In the title essay Marina asks if we have a word for the opposite of loneliness. I say yes, yes we do, and it’s writers like her, writers who express what everyone else around their age is thinking, that give us that feeling, the opposite of loneliness.

4 out of 5 stars

Review: The Lottery and Other Stories by Shirley Jackson

89723Blurb:

The Lottery, one of the most terrifying stories written in this century, created a sensation when it was first published in The New Yorker. “Power and haunting,” and “nights of unrest” were typical reader responses. This collection, the only one to appear during Shirley Jackson’s lifetime, unites “The Lottery:” with twenty-four equally unusual stories. Together they demonstrate Jackson’s remarkable range–from the hilarious to the truly horrible–and power as a storyteller.

Review:

Read this book for one reaction: gasping “whaaaaaat!” or perhaps “whaaaaat?” (punctuation varies) after reading the final sentence of every story.

Shirley Jackson is the indisputable master of the “whaaaaaat!/?” Some stories end ambiguously, leaving you scrambling back through the pages searching for a clue or alternately racing to open Google to read others’ wise analyses. Other stories end completely and absolutely unambiguously, leaving you to question not what actually happened but to wonder how such a terrible ending could come to pass. (“The Lottery,” Jackson’s most famous tale, falls in the second type.) But no matter if the ending is ambiguous or unambiguous, what I want to emphasize is that Shirley Jackson knows how to end. I have now read dozens of her short stories and one of her novels and I am convinced that I know of no author who finishes every piece with such decisive flourish. 

It’s an incredible skill, knowing how to end something. I often find short stories forgettable. Any novel of 300 pages will indubitably engrave itself in my mind by mere virtue of the hours required to read it. A story of less than 20 pages, however, is at a clear disadvantage. A short story must shock to be memorable. Luckily for us, Jackson has one setting: shock the reader. On the last page, or more often, the last sentence. 

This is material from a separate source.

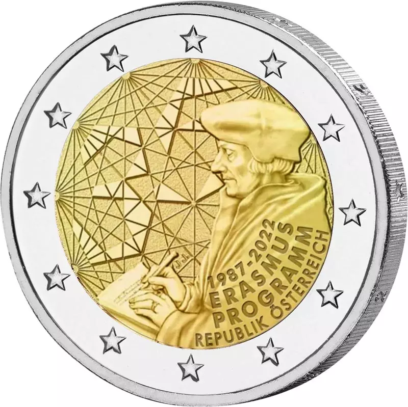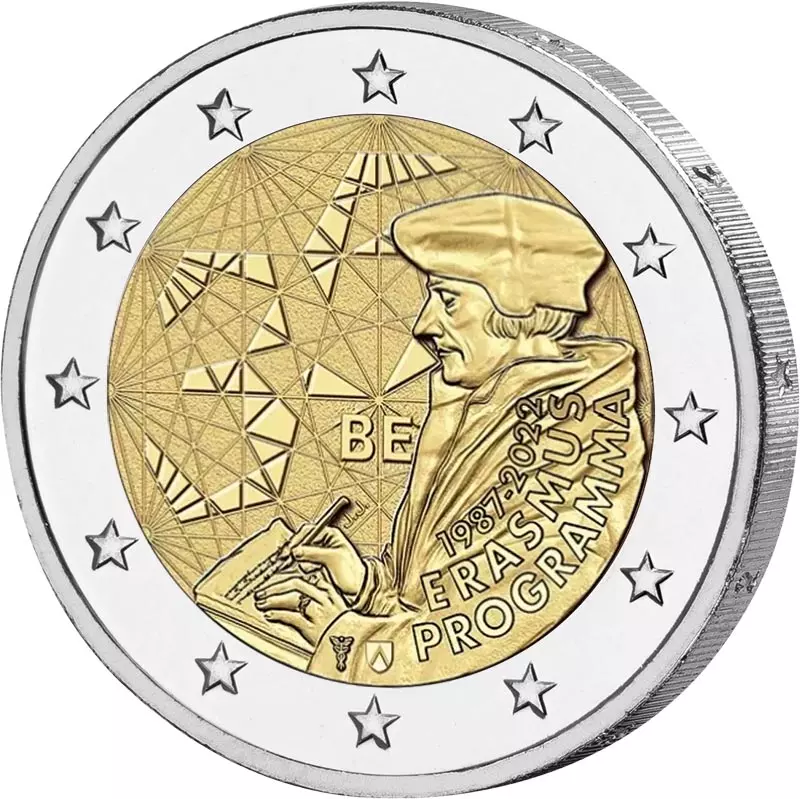 Das Erasmus-Programm der Europäischen Union widmet sich der Förderung allgemeiner und beruflicher Bildung junger Menschen in Europa. Der Name geht auf Erasmus von Rotterdam zurück, einen europäisch gebildeten Humanisten der Renaissance. Gleichzeitig ist er Akronym aus EuRopean Community Action Scheme für the Mobility of University Studies“. Zum 35-jährigen Bestehen des Programms, durch das mittlerweile rund 12 Millionen junge Menschen gefördert wurden, wurde auf Initiative der Europäischen Kommission angeregt, dass die Mitgliedsstaaten der Euro-Zone eine motivgleiche 2-Euro-Gedenkmünze ausgeben.

But her shocking endings are of the mild, ungratuitous variety. Two of my favorite stories–“The Daemon Lover” and “Like Mother Used to Make”–finish with the protagonists questioning their sanity and autonomy. They don’t run screaming to mental hospitals; rather, they stay quietly and desperately in their homes, wondering who they are and if this is–if this truly can be–their life.  To me, such an ending is much more powerful than any louder alternative. 

There is something so mundane to Jackson’s writing, which makes the fact that most of the stories are categorized in the horror genre more, well, horrifying. Because it suggests that the quotidian is horror. Jackson is wonderfully aware of the fact that the everyday lives of the normalest of the normal are the most frightening things in the world. No need for ghosts or murderers, everything you need is right there inside of us.

For Jackson, horror is the casual racism of a small New England town, the irrepressible distress of a 30 year old unmarried woman searching for a husband, the monotonous daily routine of a department store salesperson, a badly misbehaving child and his oblivious parents, the terrifying anonymity of an individual in a metropolis of millions. In short, horror is real life.

These stories have a rare rereadable quality. I know that I will reread this collection for the rest of my life, and at the end of every story, for the rest of my life, I will say “whaaaaat!/?”